Sometimes when we’re planning something as familiar as a liturgy, clergy and musicians get impatient to ‘get it done.’ And so we begin without first asking questions of principle or reminding ourselves of why we’re doing what we’re doing, in other words we skip the ‘first things first’ that ‘principles’ would suggest and work from an implicit check list of what we ‘know,’ meaning what we’ve seen before. No principles and no questions makes what’s familiar seem obvious or inevitable.
In day to day living, some things actually are so obvious that doing them otherwise could only be a joke. We talk about ordinary people with ordinary routines in an old saying like, ‘Puts his pants on one leg at a time, just like anyone else.’ But liturgy requires that we work with other planners and shape and invite the willing participation of a whole congregation.

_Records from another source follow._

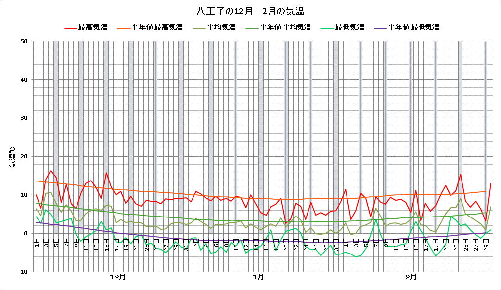 | 16日 | 6 | 10 | 7 | 9 | 2 | 6 | 6 | 10 | 12.3 | 21 | -14.5 | 帯状高気圧のやや谷間 | ||
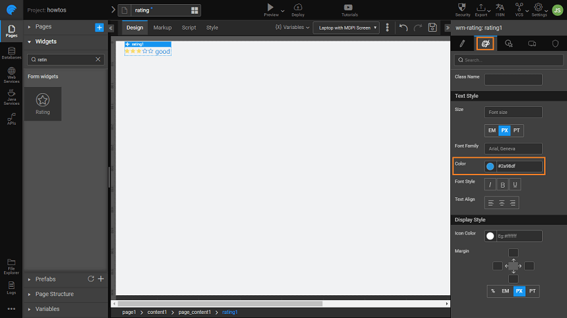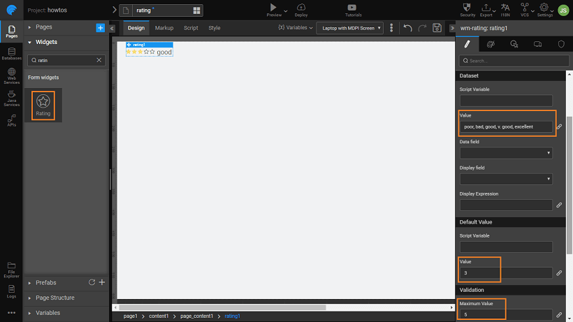 Drag and drop a rating widget on the canvas.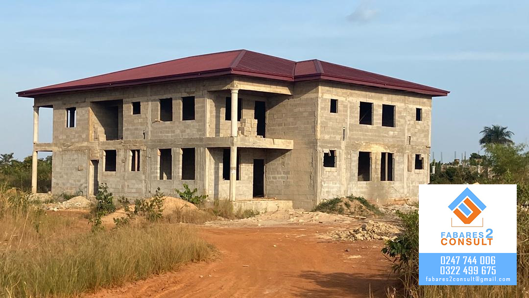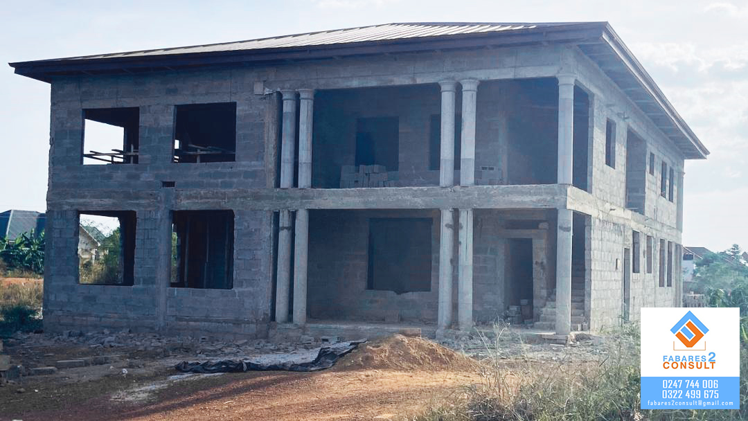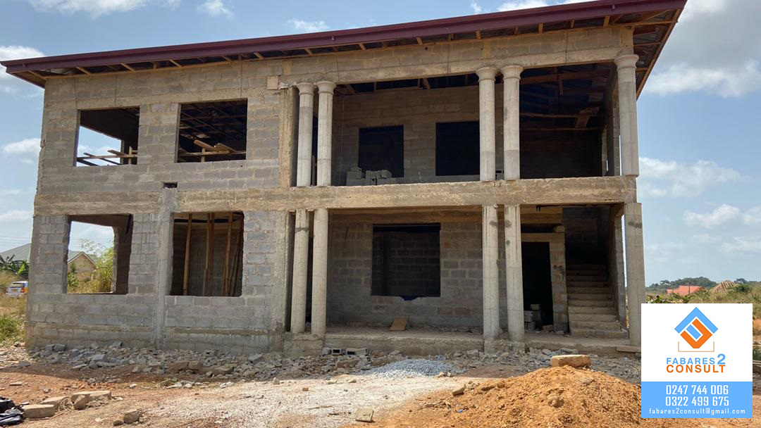 2- Storey 8-master bedroom apartment (uncompleted) at Sarbin Akrofrom in the Atwima Kwanwoma district. 4 master bedrooms, a large hall and big kitchen on each floor. Call Fabares 2 Consult on 0247744006.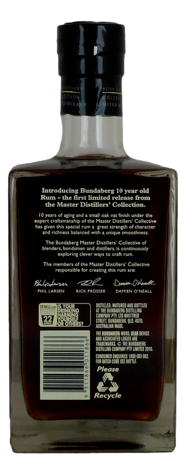 Bundaberg Rum Master Distillers Collection Aged 10 Years is the first limited release from the Master Distiller collection. Aged 10 years in small oak vats, this is a special rum with a unique smoothness and balance. Phil Larsen, Rick Prosser and Damien O`Neall are the three Master Distillers responsible for this limited edition 10 year old blended rum.The first MDC bottle in the series was actually made in France and the bottle condition and writing on the bottle has held up much better than the later Chinese made bottles.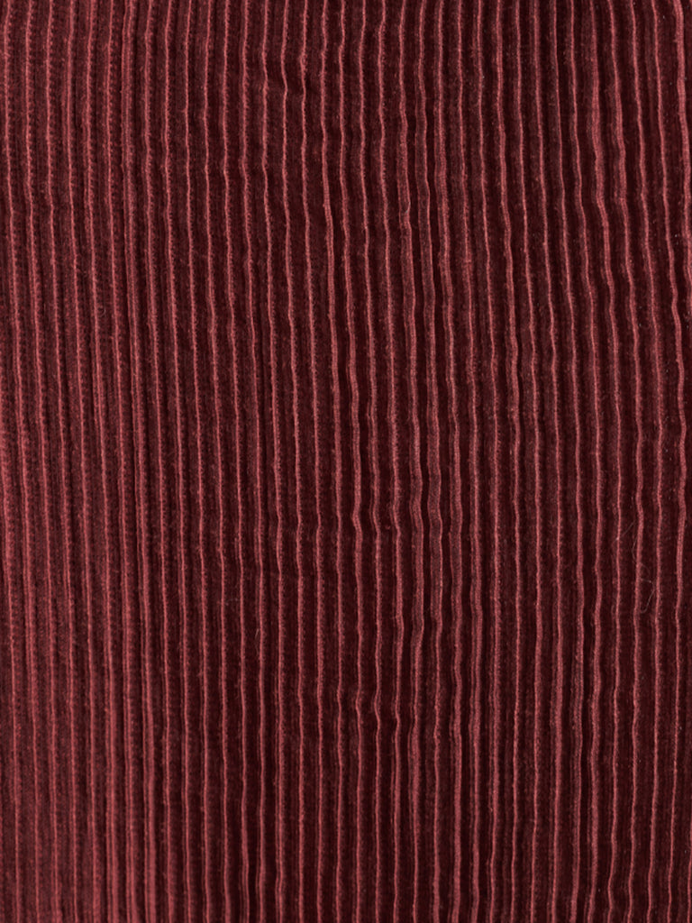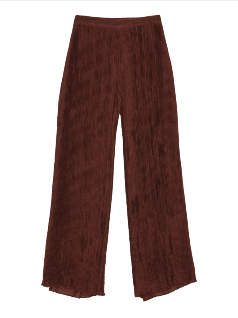 A high-waisted pant with a comfortable fit and a slight flair at the bottom of the leg. Made from a soft fabric that has been carefully pleated in small pleats giving the warm russet brown color extra depth. Made with french seams and an invisible zipper on the left side. The bottom hem is finished with a small babylock, which gives the finish a soft wave.

Horse. Horsecart. Harness. Driver. Wagon load. Road. Direction. Push/pull. More complex and collaborative tasks can lead us to methodical blunders, like harnessing the horse to push the cart rather than pull it. Gently, we’d like to suggest that planning liturgy Sunday by Sunday without steady development and re-examination of principles of what we intend to do and what we have learned works and why makes as little sense as putting the cart before (ahead of) the horse.
My hope is that we can find the patience and curiosity look freshly at church practice, contemporary problems, and older practices (tradition) to find deliberate principles for the church’s Sunday gathering. With God's help we will.